What this task involves: Retype the lines from the one containing "سایت شرط بندی هپی بت (به" through the last line of the entries below, exactly and in full, omitting every image.

── Working data

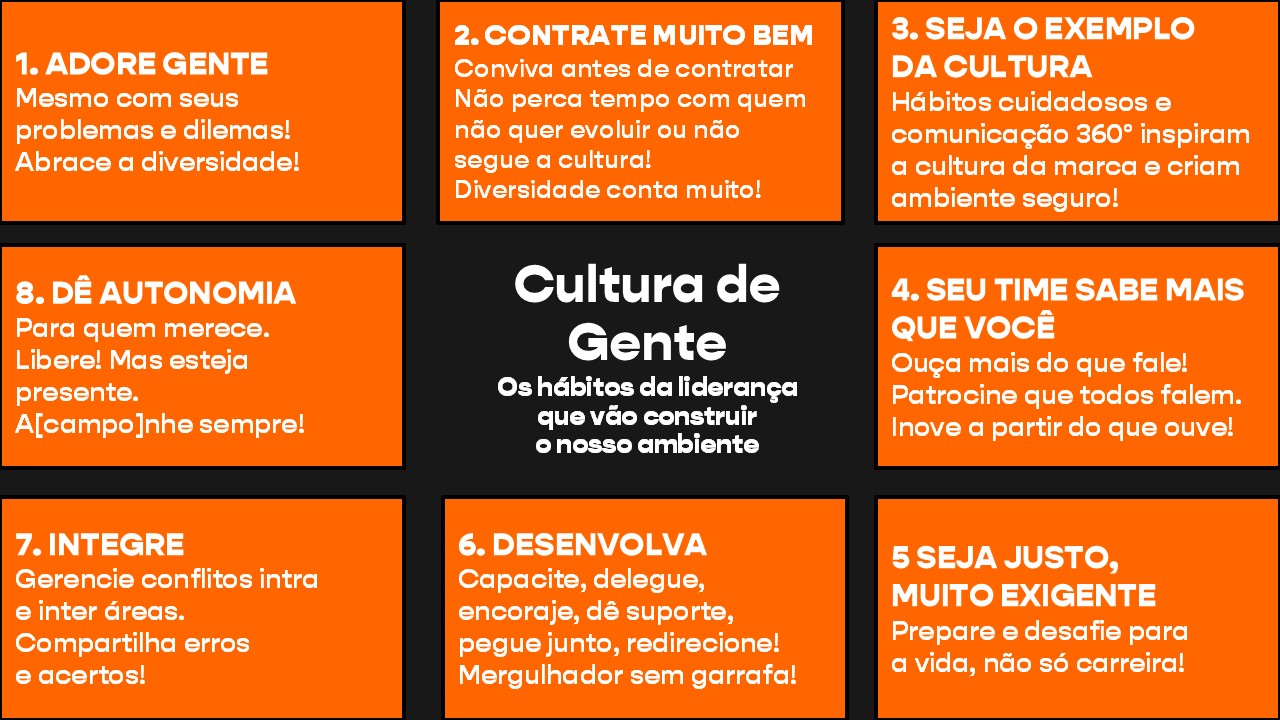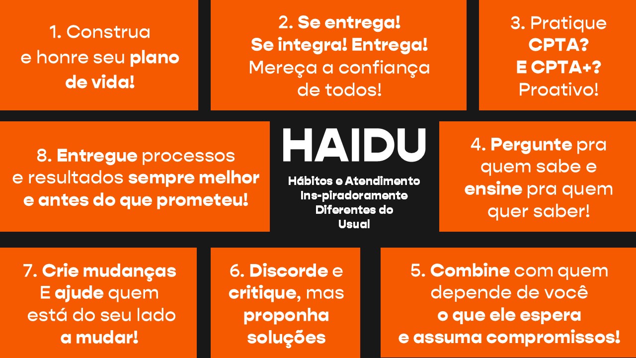 Para ter uma equipe muito competente, o que é mais importante: contratar ou treinar? Muita gente responde “treinar”, mas na verdade é “contratar”. Se eu não contratar a pessoa corretamente, eu vou ter muito trabalho para transformar essa pessoa em quem eu quero. Missão absolutamente impossível. Pensando na cultura da empresa, eu tenho que contratar alguém que pense e viva essa cultura. Aí eu vou conseguir formar a equipe na competência que eu quero. Óbvio que não dá para a gente saber se a pessoa é ou não o que ela diz ser sem convivência. O que eu sugiro, então, é que a pessoa seja submetida a este quadro para dizer o seguinte: “Você topa trabalhar num ambiente onde você tenha que ser assim?”. Pronto! Aí é só conviver tempo suficiente para entender se sim ou não, se essa pessoa é HAIDU.
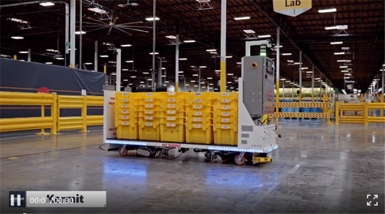 Kermit 相比于 Scooter 體型更小,會跟隨地面特制的布線運(yùn)行,來運(yùn)送儲物筐。亞馬遜表示,今年至少將會在北美的十幾個站點(diǎn)部署 Kermit,同時(shí)也將嘗試著對 Scooter 進(jìn)行極少量的部署運(yùn)作。
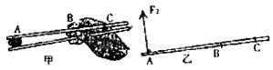 ①由图甲、乙可知F1_______F2,实验表明___________________________________.
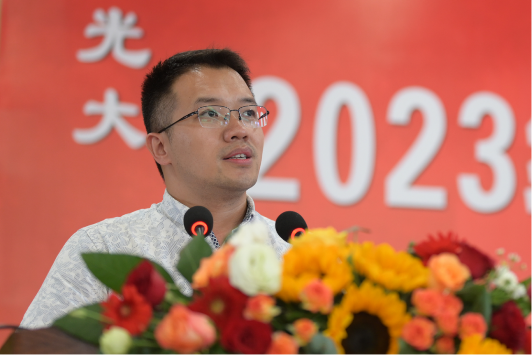 接着教师代表张龙祥老师进行发言。张老师介绍了自己的求学经历,他希望同学们夯实基础、树立目标、积极创新、懂得感恩,以赓续奋斗之势,续写壮丽宏图。
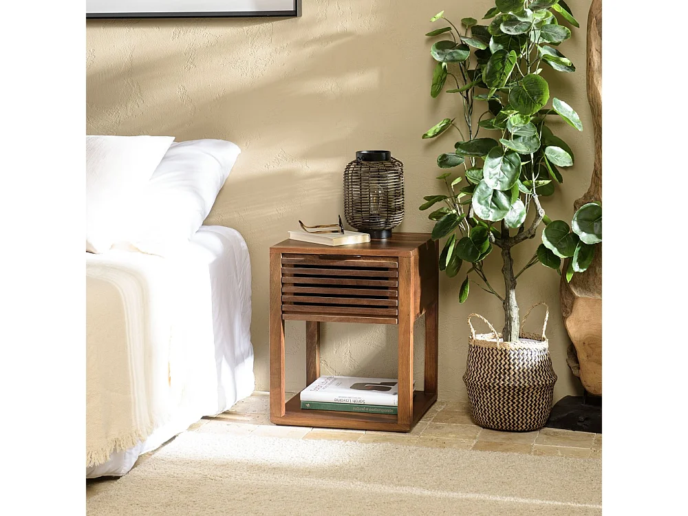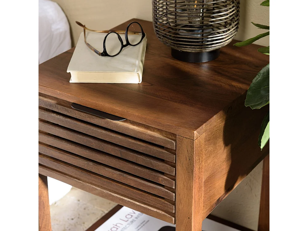ALIX - Table de chevet en bois de manguier 1 tiroir ajouré
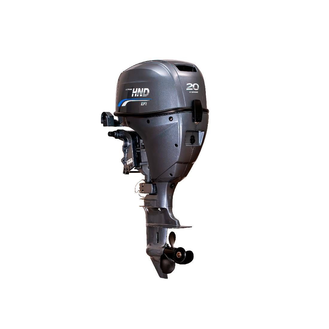 HND OB 20 FIERS оснащен дистанционным типом управления с электростартером и коротким дейдвудом. Топливным баком емкостью 12 литров для комфортной заправки и водяным охлаждением лодочного мотора. Вращение гребного винта стандартное.
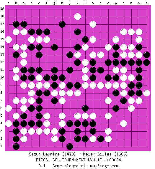 Last move : 0-1 2011 August 20 0:3:47 [Event "FICGS__GO__TOURNAMENT_KYU_II__000034"] [Site "FICGS"] [Date "2011.03.04"] [Round "1"] [Black "Segur,Laurine"] [White "Meier,Gilles"] [Result "0-1"] [Rating 1 "1479"] [Rating 2 "1685"] 1.d4 q16 2.d16 q4 3.h17 q10 4.c10 f3 5.h3 f5 6.m4 c6 7.b4 c3 8.c4 d3 9.e4 f4 10.d6 d7 11.e6 c9 12.e7 d8 13.e8 e9 14.b6 b7 15.c5 c7 16.b3 e3 17.b2 c2 18.g7 h5 19.k4 j3 20.j4 h4 21.k3 j2 22.h2 g3 23.k2 g2 24.j1 c14 25.d10 d9 26.f10 e10 27.e11 f9 28.g11 b10 29.c11 b11 30.b13 c12 31.d11 c13 32.e13 c16 33.c17 d15 34.e16 h9 35.g9 g8 36.g10 a6 37.a5 b5 38.e5 a4 39.b1 h7 40.f8 h8 41.j13 m17 42.b15 b16 43.c15 b14 44.d14 e15 45.f16 o3 46.e14 f15 47.b17 a15 48.g14 l9 49.k9 k8 50.j9 j8 51.h10 l10 52.j11 m2 53.l6 l5 54.l4 m5 55.l2 k5 56.n2 o2 57.m3 m13 58.l15 m15 59.k16 k18 60.l13 l12 61.k12 l14 62.k14 k13 63.q7 o7 64.r9 q9 65.r8 r6 66.p6 o5 67.s11 r10 68.s10 s7 69.s8 r7 70.s14 s16 71.r15 r16 72.p13 q8 73.o12 q14 74.q15 p15 75.p14 r13 76.r12 s13 77.t12 q13 78.q12 t8 79.s9 p11 80.t13 s15 81.s12 r14 82.p12 o14 83.n11 n9 84.m11 l11 85.m12 n13 86.m10 m9 87.o10 o9 88.p10 q11 89.p8 p9 0-1 Here are the names of the openings (joseki) played in the four corners : Corner d4 : d4 f3 Hoshi (Hwajeom, Seongjeom, Xingwei`) 4-4 Point. The star or hoshi (4-4) point, emphasizing influence at the potential expense of territory. Ikken Kakari (Hankan Keolch'im, Yi Gua`jiao~, 1-Space Low Approach). White 2 is the standard approach move to the 4-4. Corner q4 : q4 m4 Hoshi (Hwajeom, Seongjeom, Xingwei`) 4-4 Point. The star or hoshi (4-4) point, emphasizing influence at the potential expense of territory. Player White won this Go (weiqi, baduk) game. Follow this game move after move (download)Pon-nuki is worth thirty points. (Anonymous) Don't anthropomorphize computers - they hate it. (Anonymous)
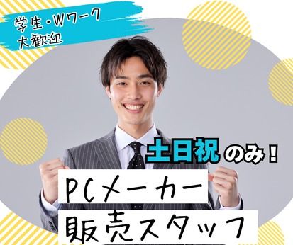 \土日祝のみ*高収入!実働7時間で日給1.2万円!/平日は自由!週末だけで月9.6万円~の安定収入(^^)★業界未経験からでもOK!大手外資系PCメーカーの販売スタッフ☆
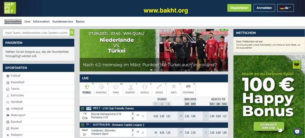سایت شرط بندی هپی بت (به انگلیسی Happy bet یا Hpybet)، یک سایت شرط بندی خارجی است. هپی بت در کشورهای اروپایی از جمله آلمان، اتریش و ایتالیا فعالیت میکند. حجم فعالیت هپی بت به احداث صدها مکان شرط بندی در کشورهای آلمانی زبان رسیده است. هپی بت تنها روی بخش پیش بینی ورزشی از جمله شرط بندی فوتبال، بسکتبال، والیبال، هندبال و سایر رشتههای ورزشی فعالیت میکند. با توجه به پیچیده بودن قوانین بازیهای کازینو، مجموعه هپی بت تصمیم به تمرکز روی بازیهای ورزشی کرد. در این نوشته شما را بیشتر با سایت شرط بندی هپی بت آشنا میکنیم. مجله بخت
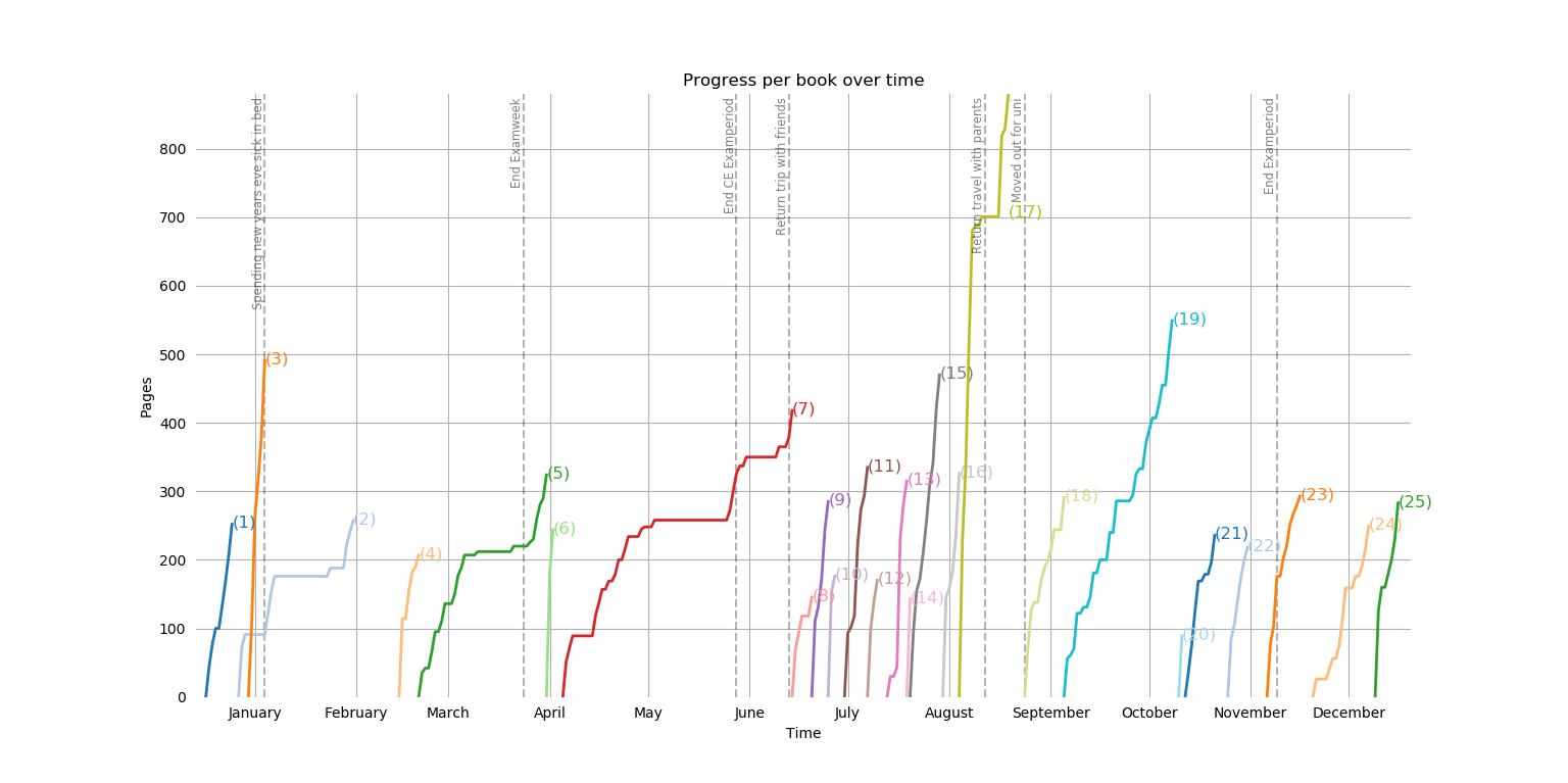 One little surprise about this year's timeline is the uniformity. I had pretty major life changes and they are almost undetectable. This year started with me writing my thesis. End of march I started an internship with a daily two hour commute, up until end of July. In between I moved cities end of April. I went travelling for a month and started at a new university in September. There are definitely some bursts of reading productivity, but I do not see how these correlate with my life phases. Reading has become a "fundamental habit", meaning that it does not rely on other habits. When I started to take reading seriously, I would read almost exclusively on trains. An example of a not-fundamental habit is writing this blog: I do it almost exclusively when I am procrastinating studying.
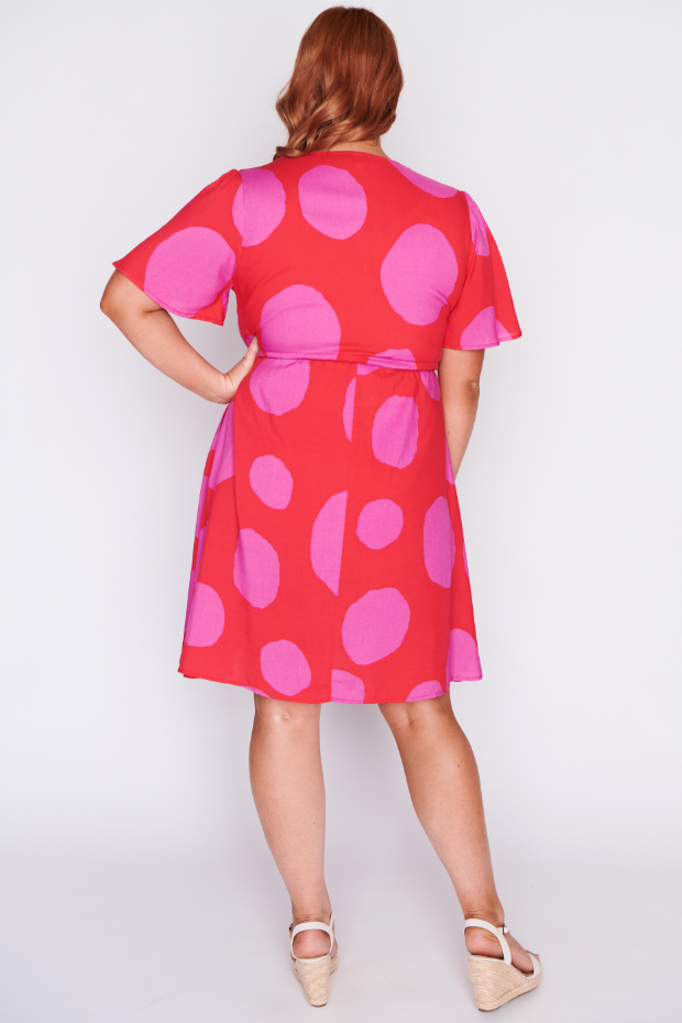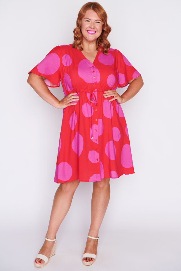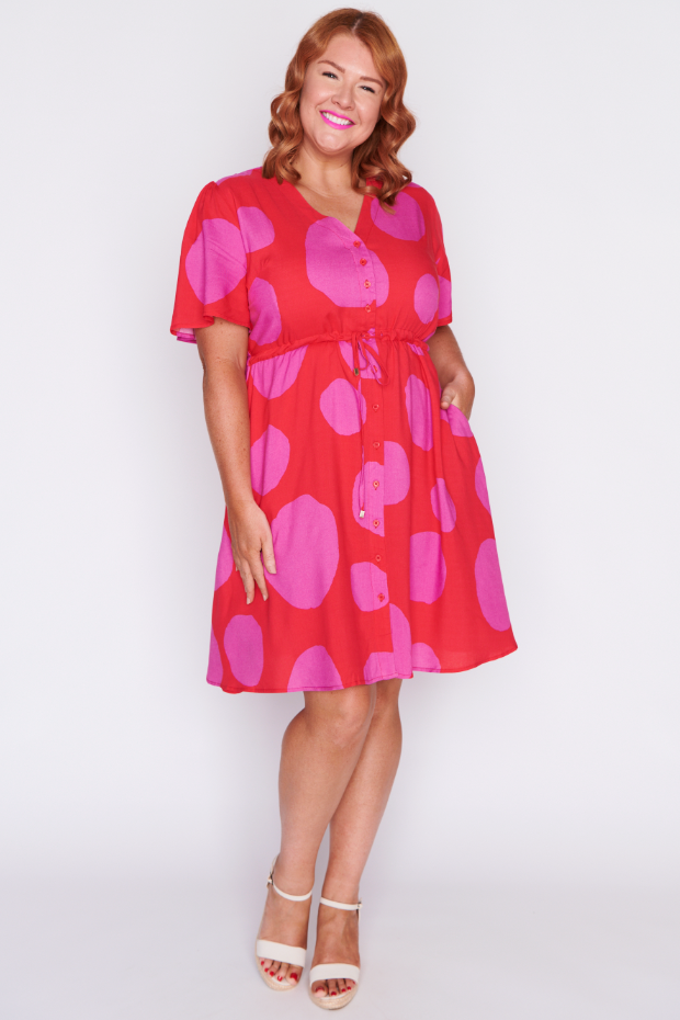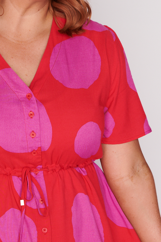This light weight rayon dress features a loose bodice, with short wide sleeves & a structured button up placket V-neckline. We love the comfy drawstring waist, with a loose flowing skirt that is ready for a twirl!
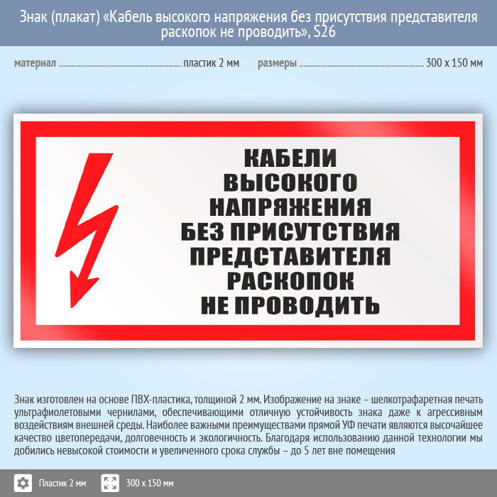 Знак (плакат) «Кабель высокого напряжения без присутствия представителя раскопок не проводить», S26 (пластик, 300х150 мм) в Верее купить

────

Answer space:
سایت شرط بندی هپی بت (به انگلیسی Happy bet یا Hpybet)، یک سایت شرط بندی خارجی است. هپی بت در کشورهای اروپایی از جمله آلمان، اتریش و ایتالیا فعالیت میکند. حجم فعالیت هپی بت به احداث صدها مکان شرط بندی در کشورهای آلمانی زبان رسیده است. هپی بت تنها روی بخش پیش بینی ورزشی از جمله شرط بندی فوتبال، بسکتبال، والیبال، هندبال و سایر رشتههای ورزشی فعالیت میکند. با توجه به پیچیده بودن قوانین بازیهای کازینو، مجموعه هپی بت تصمیم به تمرکز روی بازیهای ورزشی کرد. در این نوشته شما را بیشتر با سایت شرط بندی هپی بت آشنا میکنیم. مجله بخت
 One little surprise about this year's timeline is the uniformity. I had pretty major life changes and they are almost undetectable. This year started with me writing my thesis. End of march I started an internship with a daily two hour commute, up until end of July. In between I moved cities end of April. I went travelling for a month and started at a new university in September. There are definitely some bursts of reading productivity, but I do not see how these correlate with my life phases. Reading has become a "fundamental habit", meaning that it does not rely on other habits. When I started to take reading seriously, I would read almost exclusively on trains. An example of a not-fundamental habit is writing this blog: I do it almost exclusively when I am procrastinating studying.
This light weight rayon dress features a loose bodice, with short wide sleeves & a structured button up placket V-neckline. We love the comfy drawstring waist, with a loose flowing skirt that is ready for a twirl!
 Знак (плакат) «Кабель высокого напряжения без присутствия представителя раскопок не проводить», S26 (пластик, 300х150 мм) в Верее купить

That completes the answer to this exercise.